PROMPT – Your copy of the entries below should hold exactly the lines from the one containing "彭林林代表吉利汽车集团向学院" to the one containing "Hook-Button Washed Denim", inclusive, and no pictures.

TASK INPUTS –
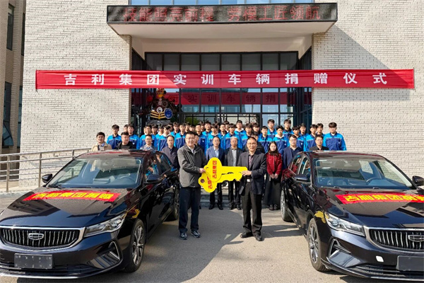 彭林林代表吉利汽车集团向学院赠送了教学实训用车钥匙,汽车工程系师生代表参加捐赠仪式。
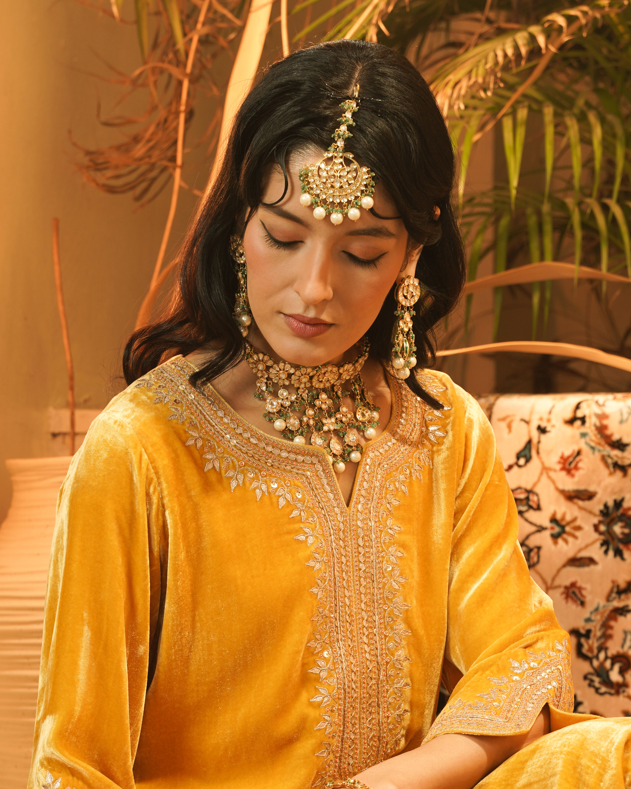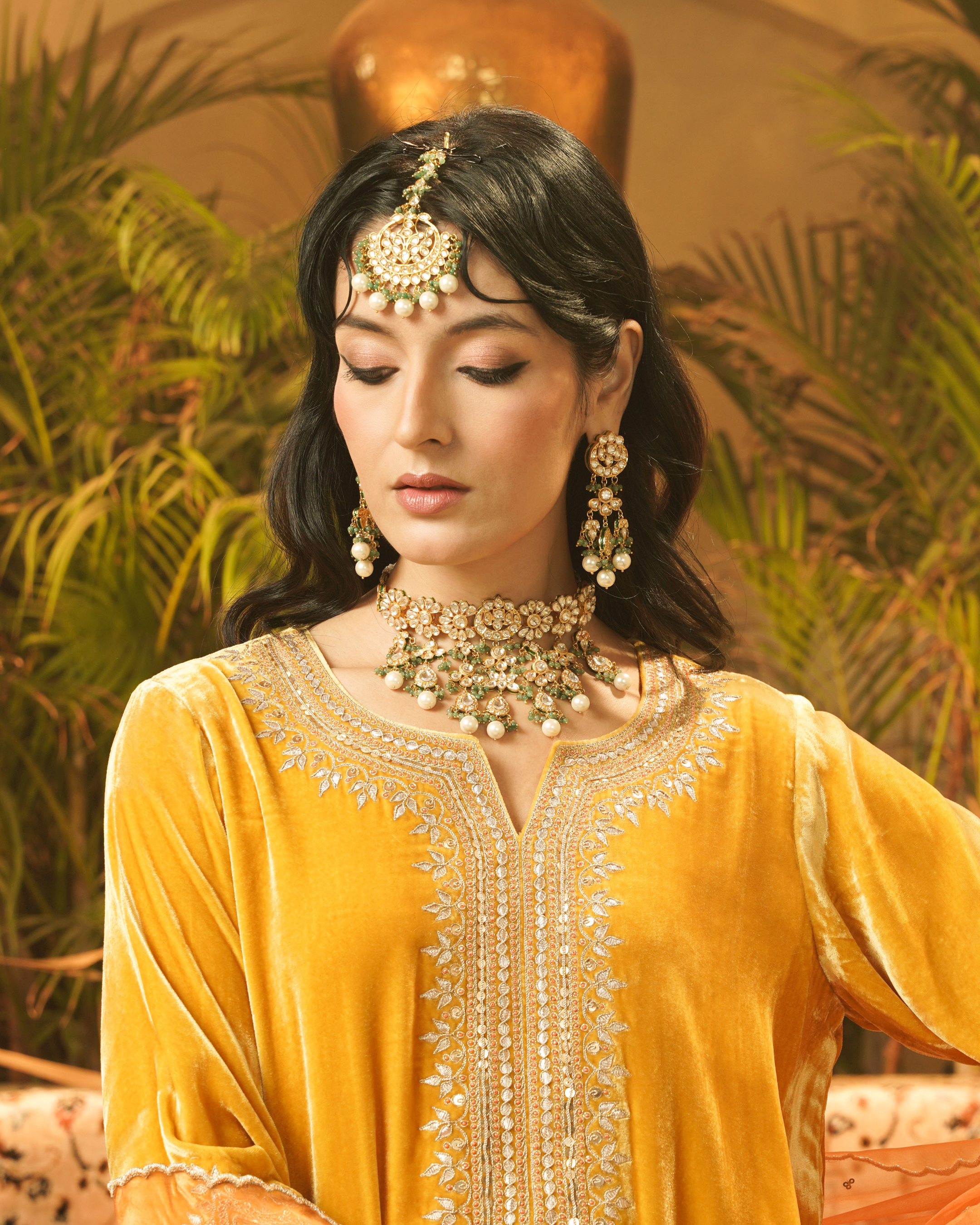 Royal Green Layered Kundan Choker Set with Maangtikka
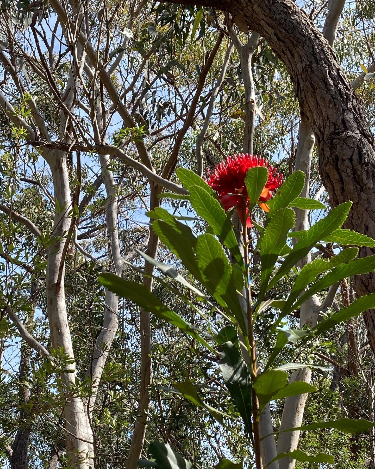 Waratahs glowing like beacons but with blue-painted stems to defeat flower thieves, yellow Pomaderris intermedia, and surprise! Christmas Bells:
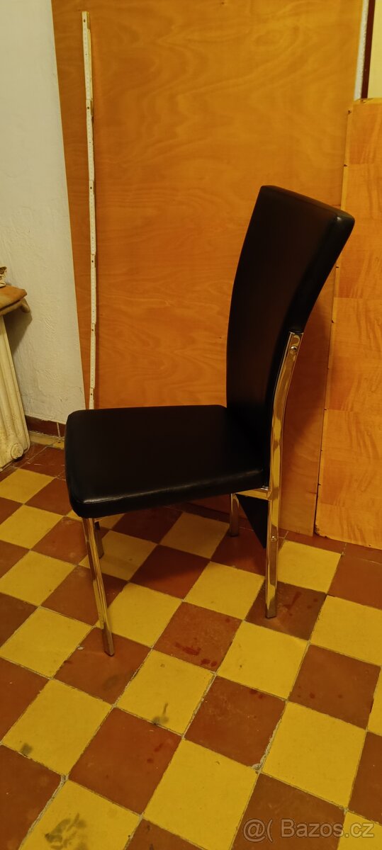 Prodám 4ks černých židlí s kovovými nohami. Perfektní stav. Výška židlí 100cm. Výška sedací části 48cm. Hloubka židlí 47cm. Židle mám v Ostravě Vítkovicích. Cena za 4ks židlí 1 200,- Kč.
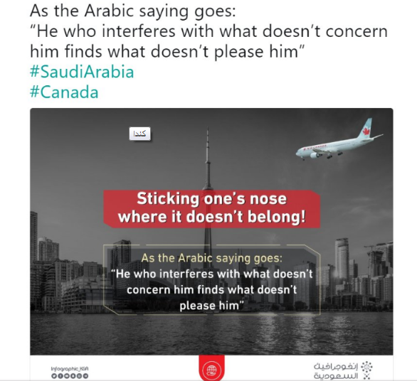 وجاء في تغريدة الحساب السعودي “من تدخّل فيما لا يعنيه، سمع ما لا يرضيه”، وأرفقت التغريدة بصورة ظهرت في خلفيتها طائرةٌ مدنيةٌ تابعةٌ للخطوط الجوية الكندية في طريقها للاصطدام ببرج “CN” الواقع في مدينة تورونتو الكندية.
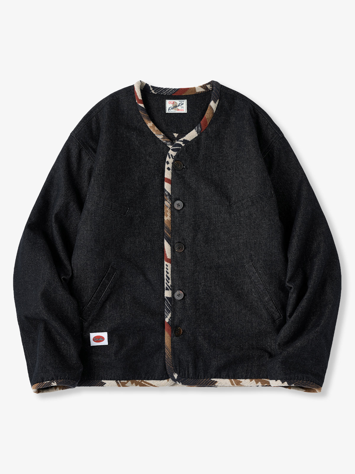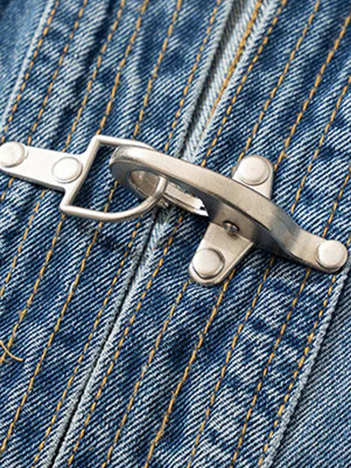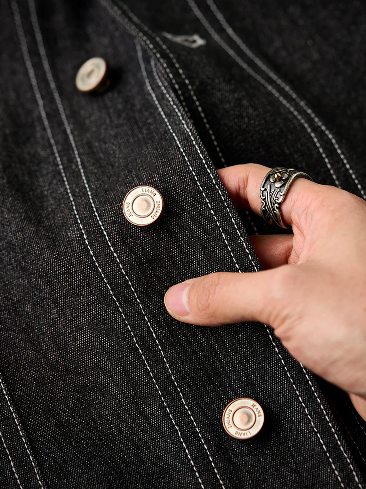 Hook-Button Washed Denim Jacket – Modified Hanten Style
==
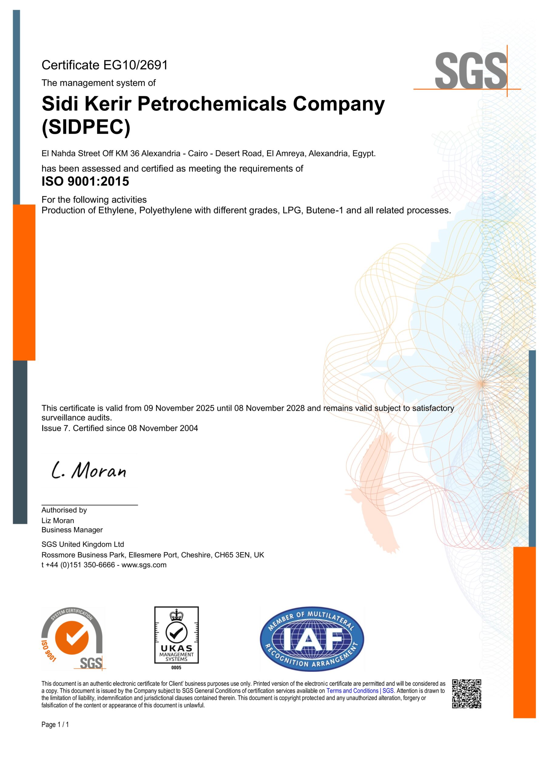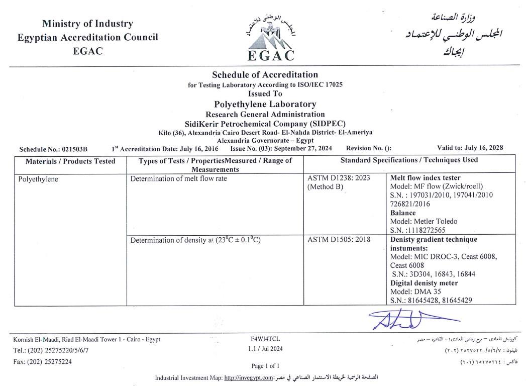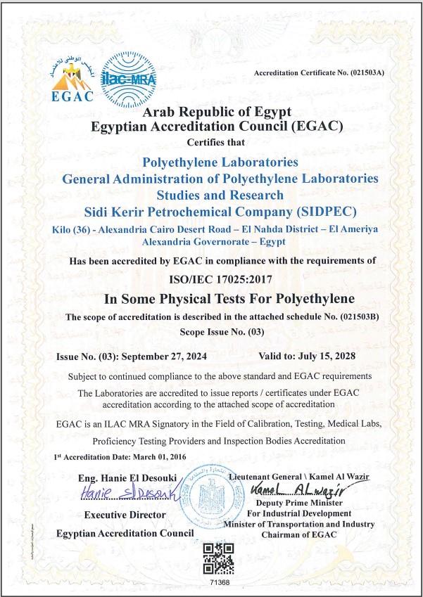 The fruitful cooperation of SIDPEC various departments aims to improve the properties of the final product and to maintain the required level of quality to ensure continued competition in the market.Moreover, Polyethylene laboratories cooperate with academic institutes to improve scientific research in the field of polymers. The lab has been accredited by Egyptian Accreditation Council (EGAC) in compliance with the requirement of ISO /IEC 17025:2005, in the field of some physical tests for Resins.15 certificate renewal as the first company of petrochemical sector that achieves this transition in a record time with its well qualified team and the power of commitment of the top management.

RESPONSE TO THIS EXERCISE –
 彭林林代表吉利汽车集团向学院赠送了教学实训用车钥匙,汽车工程系师生代表参加捐赠仪式。
 Royal Green Layered Kundan Choker Set with Maangtikka
 Waratahs glowing like beacons but with blue-painted stems to defeat flower thieves, yellow Pomaderris intermedia, and surprise! Christmas Bells:
 Prodám 4ks černých židlí s kovovými nohami. Perfektní stav. Výška židlí 100cm. Výška sedací části 48cm. Hloubka židlí 47cm. Židle mám v Ostravě Vítkovicích. Cena za 4ks židlí 1 200,- Kč.
 وجاء في تغريدة الحساب السعودي “من تدخّل فيما لا يعنيه، سمع ما لا يرضيه”، وأرفقت التغريدة بصورة ظهرت في خلفيتها طائرةٌ مدنيةٌ تابعةٌ للخطوط الجوية الكندية في طريقها للاصطدام ببرج “CN” الواقع في مدينة تورونتو الكندية.
 Hook-Button Washed Denim Jacket – Modified Hanten Style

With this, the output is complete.